Take a PC 7518. If you set it at say 16,000 rpm, and start to take a heavy cut, it will bog down for a second or two, then apply more power, and surge past the set speed, then settle back in. If you are starting and stopping the cut a lot, this "surging" is rather annoying. But it's still much better than an external speed control, where it won't get the additional power to maintain the set speed.
I've used a few VS routers that exhibit this behavior.
But this is a much older design. Newer designs are probably much better at maintaining speed. Maybe the newest designs do use an RPM sensor?

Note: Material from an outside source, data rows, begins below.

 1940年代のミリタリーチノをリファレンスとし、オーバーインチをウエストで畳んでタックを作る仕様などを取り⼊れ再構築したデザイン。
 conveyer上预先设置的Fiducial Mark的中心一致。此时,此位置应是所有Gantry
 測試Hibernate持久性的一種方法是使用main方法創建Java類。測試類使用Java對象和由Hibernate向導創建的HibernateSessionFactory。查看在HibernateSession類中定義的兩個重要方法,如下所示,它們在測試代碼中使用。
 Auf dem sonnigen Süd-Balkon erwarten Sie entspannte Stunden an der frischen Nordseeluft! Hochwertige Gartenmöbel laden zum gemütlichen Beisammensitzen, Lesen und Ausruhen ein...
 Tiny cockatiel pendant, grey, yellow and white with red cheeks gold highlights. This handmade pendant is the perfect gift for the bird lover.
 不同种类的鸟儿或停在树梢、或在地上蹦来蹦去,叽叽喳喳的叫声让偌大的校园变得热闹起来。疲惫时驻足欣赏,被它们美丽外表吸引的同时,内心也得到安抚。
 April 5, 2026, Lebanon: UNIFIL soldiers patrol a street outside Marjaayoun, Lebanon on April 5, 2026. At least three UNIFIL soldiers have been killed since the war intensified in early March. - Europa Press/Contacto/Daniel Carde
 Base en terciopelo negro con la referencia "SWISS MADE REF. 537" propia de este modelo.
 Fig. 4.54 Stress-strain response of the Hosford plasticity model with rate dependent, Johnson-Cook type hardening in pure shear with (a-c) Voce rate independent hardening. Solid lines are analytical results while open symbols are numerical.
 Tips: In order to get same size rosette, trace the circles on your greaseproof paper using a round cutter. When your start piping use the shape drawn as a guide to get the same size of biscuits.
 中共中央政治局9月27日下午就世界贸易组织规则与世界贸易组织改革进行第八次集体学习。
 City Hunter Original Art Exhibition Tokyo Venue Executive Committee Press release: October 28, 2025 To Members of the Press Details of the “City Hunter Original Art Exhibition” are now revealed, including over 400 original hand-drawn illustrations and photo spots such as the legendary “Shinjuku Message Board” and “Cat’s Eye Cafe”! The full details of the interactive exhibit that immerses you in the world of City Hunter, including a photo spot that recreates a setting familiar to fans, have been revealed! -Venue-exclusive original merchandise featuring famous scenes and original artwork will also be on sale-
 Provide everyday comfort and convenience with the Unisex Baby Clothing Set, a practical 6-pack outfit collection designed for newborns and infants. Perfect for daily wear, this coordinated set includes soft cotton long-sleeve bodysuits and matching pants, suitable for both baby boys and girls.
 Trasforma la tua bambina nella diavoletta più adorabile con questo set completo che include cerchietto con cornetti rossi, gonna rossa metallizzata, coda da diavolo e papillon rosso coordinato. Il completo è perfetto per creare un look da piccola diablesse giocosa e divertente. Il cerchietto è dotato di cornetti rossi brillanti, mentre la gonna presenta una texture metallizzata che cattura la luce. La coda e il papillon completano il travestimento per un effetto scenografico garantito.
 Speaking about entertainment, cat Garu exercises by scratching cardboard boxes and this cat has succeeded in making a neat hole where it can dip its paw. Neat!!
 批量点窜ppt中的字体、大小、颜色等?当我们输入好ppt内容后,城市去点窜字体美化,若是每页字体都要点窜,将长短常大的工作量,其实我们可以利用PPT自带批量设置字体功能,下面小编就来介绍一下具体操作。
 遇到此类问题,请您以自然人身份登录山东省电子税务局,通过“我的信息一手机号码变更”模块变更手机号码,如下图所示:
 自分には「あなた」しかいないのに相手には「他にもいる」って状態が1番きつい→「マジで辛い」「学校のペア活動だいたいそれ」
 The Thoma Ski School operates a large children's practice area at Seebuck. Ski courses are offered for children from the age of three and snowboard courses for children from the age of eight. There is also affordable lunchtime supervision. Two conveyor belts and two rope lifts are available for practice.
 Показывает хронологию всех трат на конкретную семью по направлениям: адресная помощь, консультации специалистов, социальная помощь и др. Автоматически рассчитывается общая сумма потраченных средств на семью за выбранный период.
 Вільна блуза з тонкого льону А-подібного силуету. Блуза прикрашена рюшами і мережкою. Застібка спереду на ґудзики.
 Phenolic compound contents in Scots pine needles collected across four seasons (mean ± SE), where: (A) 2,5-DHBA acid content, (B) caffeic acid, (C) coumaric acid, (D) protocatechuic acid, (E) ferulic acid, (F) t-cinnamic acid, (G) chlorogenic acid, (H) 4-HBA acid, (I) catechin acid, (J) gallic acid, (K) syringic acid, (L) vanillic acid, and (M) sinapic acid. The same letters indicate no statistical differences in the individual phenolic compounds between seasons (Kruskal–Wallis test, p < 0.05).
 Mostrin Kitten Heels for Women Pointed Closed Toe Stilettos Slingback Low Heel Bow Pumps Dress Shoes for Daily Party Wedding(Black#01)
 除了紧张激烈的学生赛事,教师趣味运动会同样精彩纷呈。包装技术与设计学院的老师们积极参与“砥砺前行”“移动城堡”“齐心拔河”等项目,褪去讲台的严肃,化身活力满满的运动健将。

If you want the absolute best speed control for a router, look at the Super PID. www.SuperPID.com - Super-PID Closed-loop Router Speed Controller
It requires modification or your router to add an optical sensor, and is not really suitable for handheld use, but would be excellent in a table with a lift.
It has very fast response, and allows full power down to 5000 rpm.
I use one on my CNC with a PC 690.


----------



## Biagio (Mar 2, 2013)

@ger21, 
After reading Nick’s post, I did a bit of digging around, and came across the Super-PID. I thought to myself that it must have been quite a trick to miniaturise all that circuitry, into a module that fits inside a router housing. From what I understood, your Super-PID controller has an infra-red sensor, which is triggered by a reflective spot (I assume painted on to the shaft?). I gather some other types have a Hall-effect sensor, triggered every time a magnetic strip on the shaft goes past. As you say, this is a true rpm-based controller.
I could not get more clarity than that. It looked like a De Walt (611?) might have such a controller built-in, but a lot of guys seemed to want to replace it with the Super-PID, so I am completely uncertain.
But if, as you and I both seem to think, the average VS router does not have such a feedback loop, the controller is then a relatively simple solid-state device (or two: a diac and a triac). I cannot see why there should be a difference in performance between an inboard and outboard controller. In principle, such controllers allow the motor to draw current up to the design maximum (if not more), when the motor is forced to slow. The circuit does not “increase the power” as such. The extra current increases the torque, sometimes allowing the speed to increase again.
I suppose there is some current limiting circuitry to prevent motor burn-out in a total stall - this may impact torque.
Just my thoughts - remember where they come from.


----------